- _Given material_:
"""
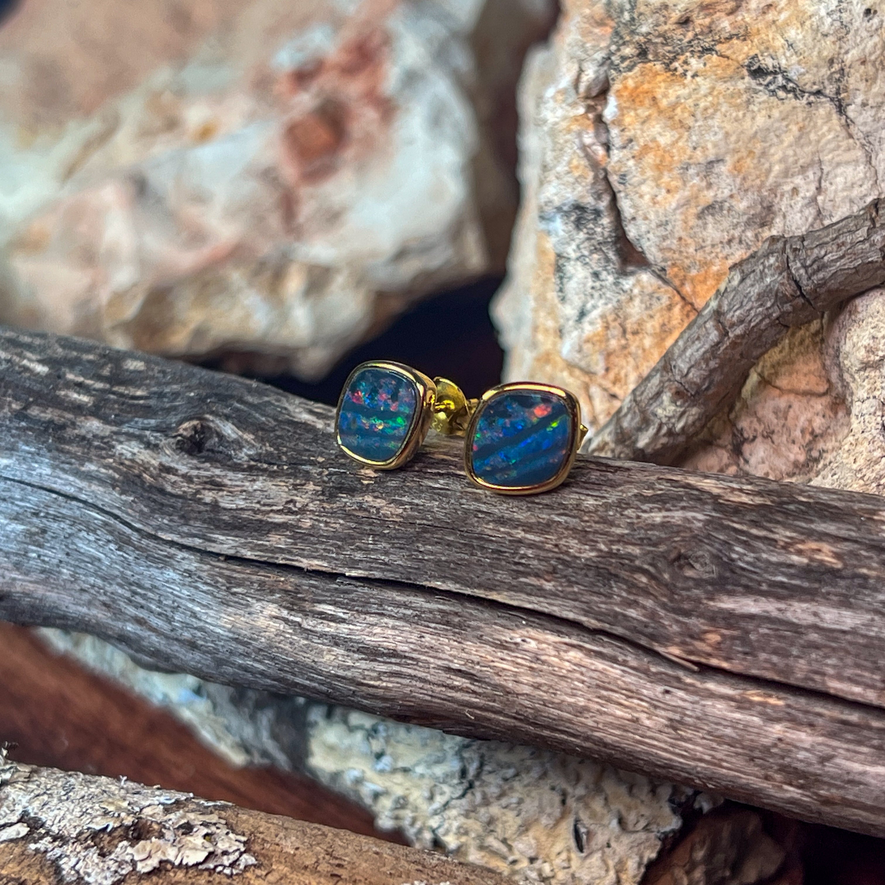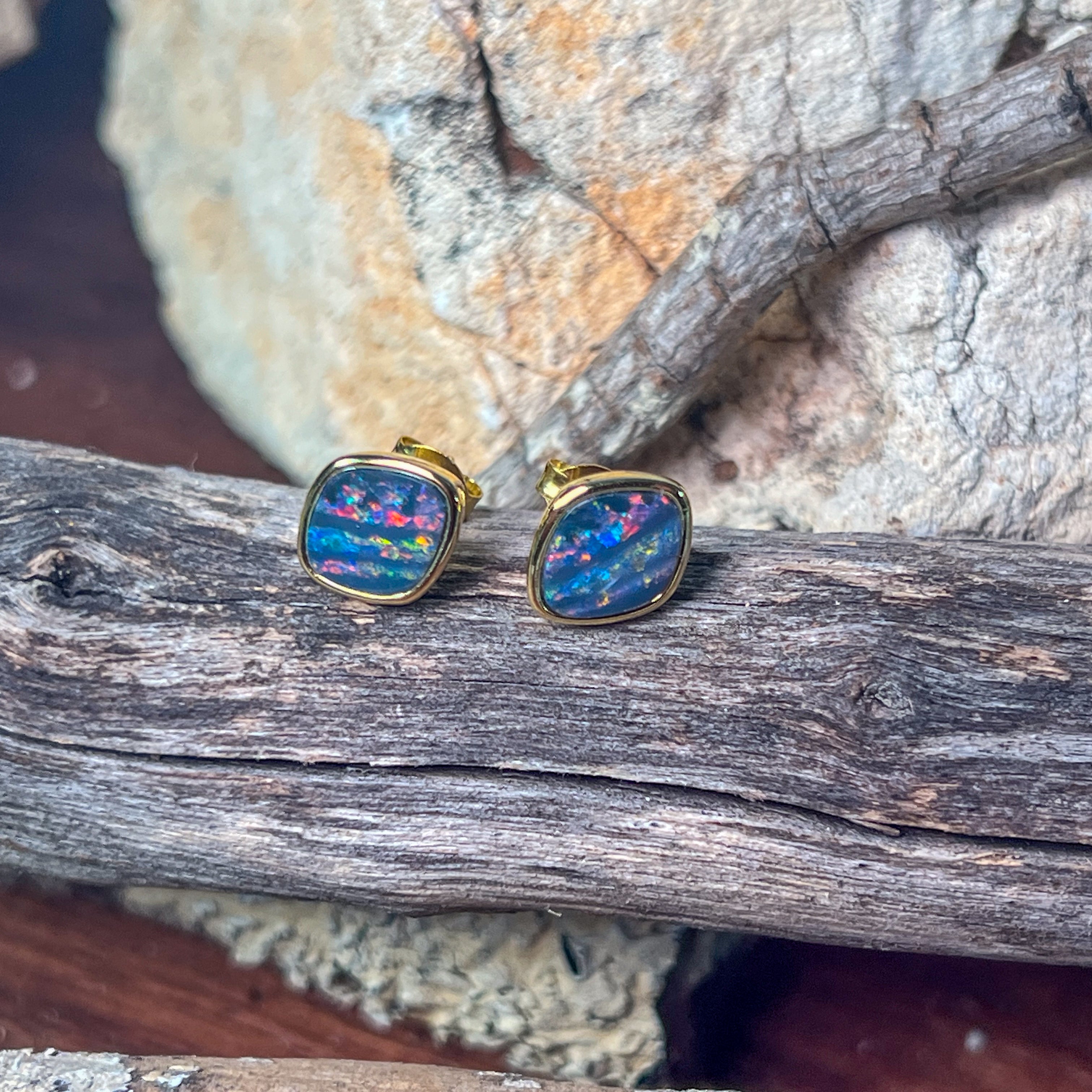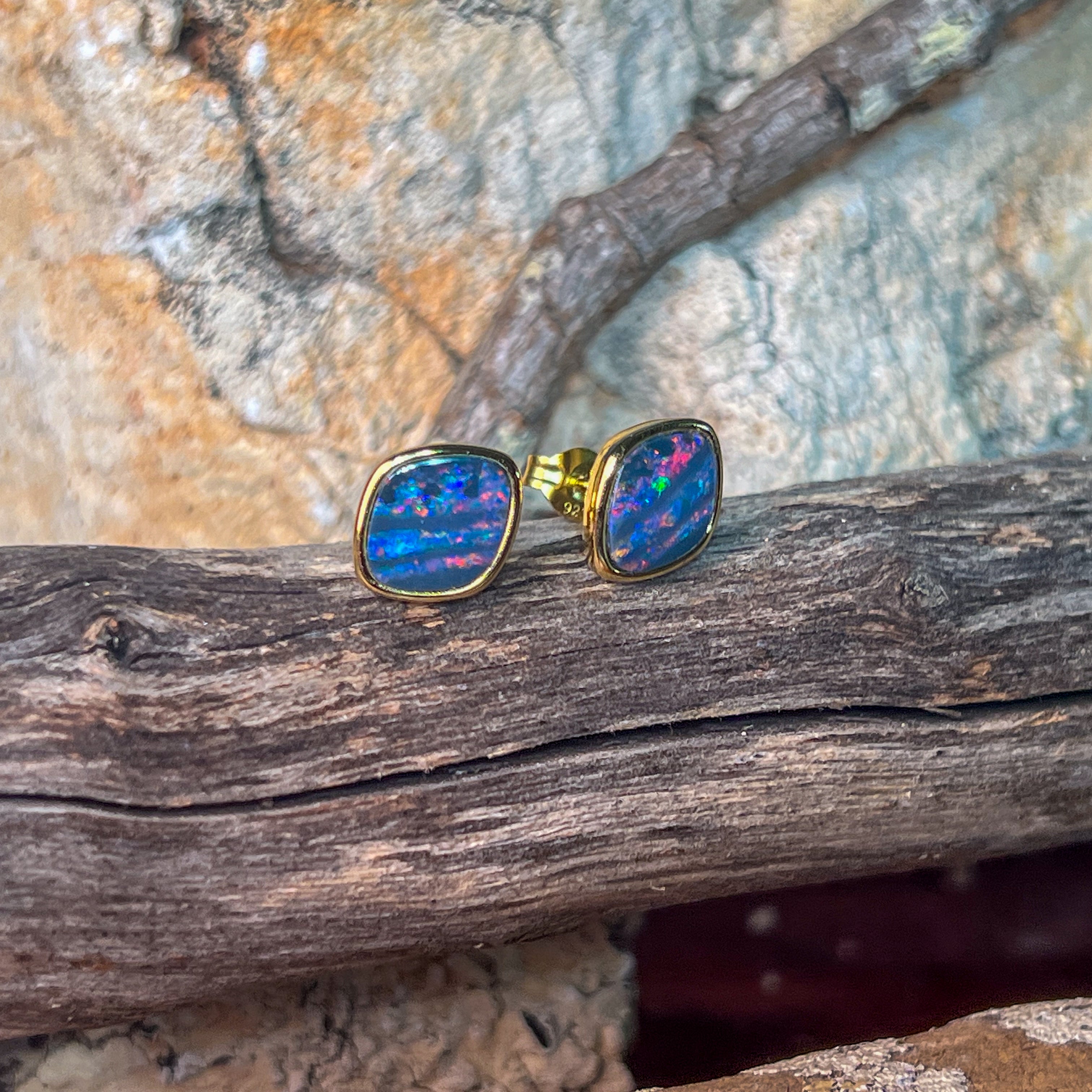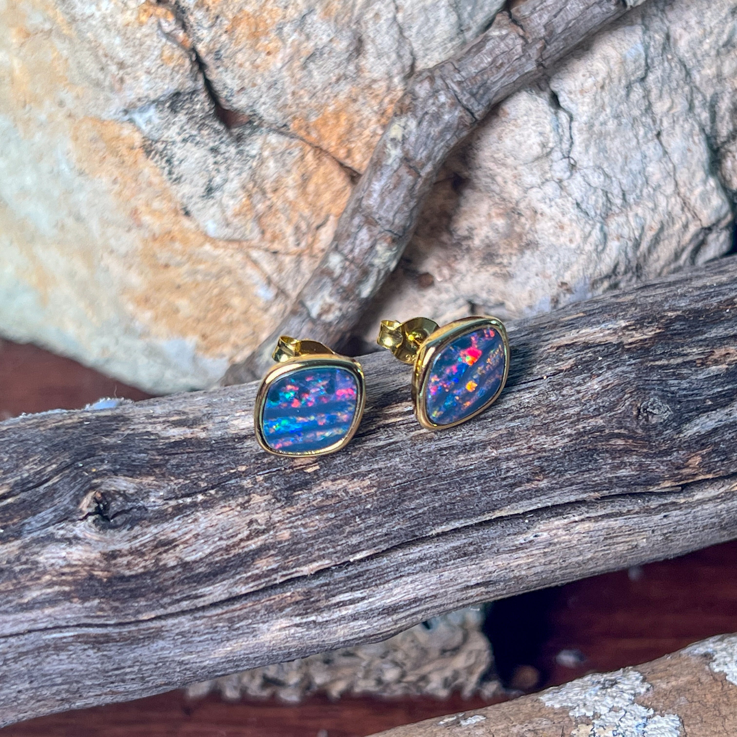 Gold Plated Sterling Silver Opal doublet bezel set stud earrings
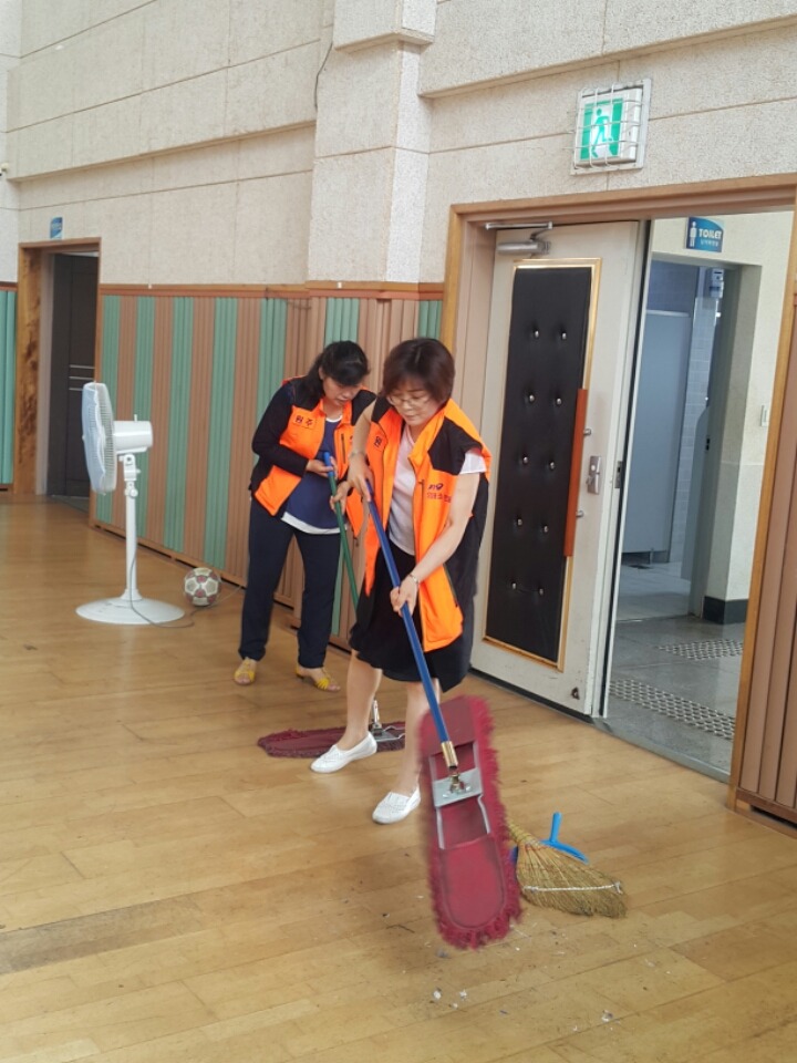 내용: 체육관 실내 바닥청소 및 입구먼지제거 쓰레기분리수거
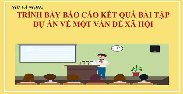 Cách trình bày báo cáo kết quả bài tập dự án về một vấn đề xã hội, cách sử dụng các phương tiện hỗ trợ phù hợp.
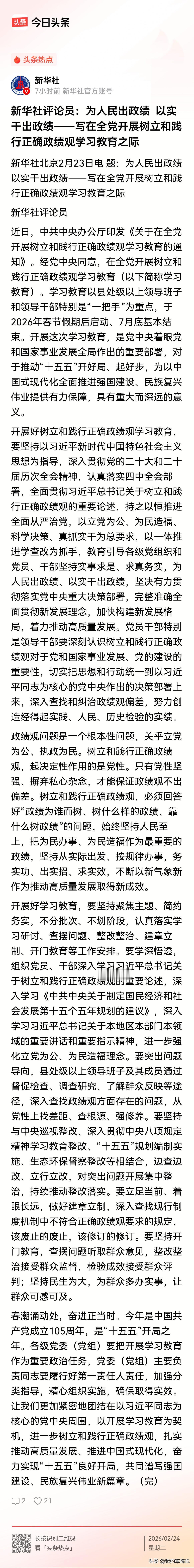 让民生为大成为政绩底色!政绩观映照着党性修养,也决定着发展路径的实际成效。即将在全党开展的树立和践行正确政绩观学习教育,正是为了校准思想偏差,让“民生为大”成为最鲜明的政绩底色。 “民生为大”不是抽象的口号,而应转化为群众可感可及的具体行动。坚持开门教育,就是要让群众意见成为查摆问题的镜子,让群众监督成为整改落实的鞭子,让群众评判成为检验成效的尺子。这种全过程人民参与,既是对形式主义、官僚主义的有效遏制,更是对“为人民出政绩”本质的回归。 为群众多办实事,关键在“实”——实情要摸清、实事要办好、实效要可见。从老旧小区改造到就业岗位扩容,从医疗服务下沉到人居环境提升,每一项民生实事都应是精准对接群众需求的“暖心工程”。当政绩追求与民生期盼同频共振,当发展成果由人民共享,这样的政绩才经得起历史和人民检验。
"""
- _Assignment_:
Starting where a line contains "내용: 체육관 실내 바닥청소 및 입구먼지제거 쓰레기분리수거" and finishing at the last line above, set down every line exactly as it reads, with no pictures.

- _Completed task_:
 내용: 체육관 실내 바닥청소 및 입구먼지제거 쓰레기분리수거
 Cách trình bày báo cáo kết quả bài tập dự án về một vấn đề xã hội, cách sử dụng các phương tiện hỗ trợ phù hợp.
 让民生为大成为政绩底色!政绩观映照着党性修养,也决定着发展路径的实际成效。即将在全党开展的树立和践行正确政绩观学习教育,正是为了校准思想偏差,让“民生为大”成为最鲜明的政绩底色。 “民生为大”不是抽象的口号,而应转化为群众可感可及的具体行动。坚持开门教育,就是要让群众意见成为查摆问题的镜子,让群众监督成为整改落实的鞭子,让群众评判成为检验成效的尺子。这种全过程人民参与,既是对形式主义、官僚主义的有效遏制,更是对“为人民出政绩”本质的回归。 为群众多办实事,关键在“实”——实情要摸清、实事要办好、实效要可见。从老旧小区改造到就业岗位扩容,从医疗服务下沉到人居环境提升,每一项民生实事都应是精准对接群众需求的“暖心工程”。当政绩追求与民生期盼同频共振,当发展成果由人民共享,这样的政绩才经得起历史和人民检验。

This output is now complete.